An ordered list (<ol>) is for content where sequence matters — step-by-step instructions, rankings, a table of contents. Browsers number each <li> automatically, and three attributes — start, reversed, and type — give you control over that numbering.

Basic Syntax

ol-basic.html

HTML
<ol>
  <li>Preheat the oven to 200°C.</li>
  <li>Mix the dry ingredients.</li>
  <li>Fold in the wet ingredients.</li>
  <li>Bake for 25 minutes.</li>
</ol>

Renders as a numbered list, 1. through 4., in document order — the browser assigns the numbers, you don't type them.

The start Attribute

start sets the number the list begins counting from, instead of 1. Useful when continuing a list that was split by other content.

ol-start.html

HTML
<ol start="5">
  <li>Fifth item</li>
  <li>Sixth item</li>
  <li>Seventh item</li>
</ol>
The reversed Attribute

reversed is a boolean attribute that makes the list count down instead of up — handy for countdowns or "top 10" style rankings where item order in the source still reads naturally top-to-bottom.

ol-reversed.html

HTML
<ol reversed>
  <li>Gold medal contender</li>
  <li>Silver medal contender</li>
  <li>Bronze medal contender</li>
</ol>

This renders as 3., 2., 1. — the source order stays natural (best to worst) while the visible numbers count down.

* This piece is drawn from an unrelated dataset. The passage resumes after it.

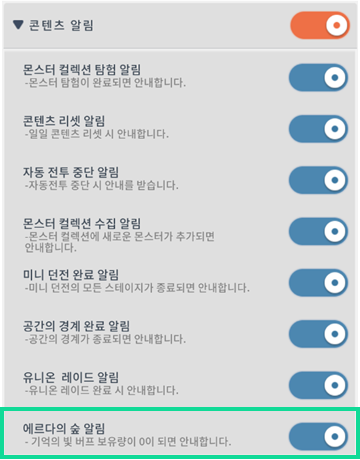 - 에르다의 숲 알림: 기억의 빛 버프 보유량이 0이되면 푸시 알림이 발송됩니다.

The type Attribute — Numbering Systems

type changes the style of marker used, without changing the underlying numeric value.

type value

Renders as

1 (default)

1, 2, 3, ...

a

a, b, c, ...

A

A, B, C, ...

i

i, ii, iii, ...

I

I, II, III, ...

ol-type.html

HTML
<ol type="A">
  <li>Section A</li>
  <li>Section B</li>
  <li>Section C</li>
</ol>

<ol type="i">
  <li>Introduction</li>
  <li>Background</li>
  <li>Methodology</li>
</ol>
value on individual items
You can also override the number of a single <li> with its ownvalue attribute, which affects that item and all following items — covered in depth in the list-items tutorial.
Combining Attributes

ol-combined.html

HTML
<ol start="10" reversed type="I">
  <li>Tenth place</li>
  <li>Ninth place</li>
  <li>Eighth place</li>
</ol>
Semantic Use — Order Matters
  • Good <ol> candidates: recipe steps, installation instructions, race results, a legal document's numbered clauses.

  • If reordering the items would change the meaning or break the instructions, it belongs in <ol>, not <ul>.

Quick Reference

Attribute

Effect

start="n"

Begin counting from n instead of 1

reversed

Count down instead of up (boolean attribute)

type="a|A|i|I|1"

Change marker style (letters, Roman numerals, numbers)

type vs CSS list-style-type
The HTML `type` attribute and the CSS `list-style-type` property overlap in what they can do. Prefer the CSS property for pure styling; the HTML attribute is a legacy but still valid and well-supported option, and can be handy when numbering is core to the content's meaning (e.g. legal outlines).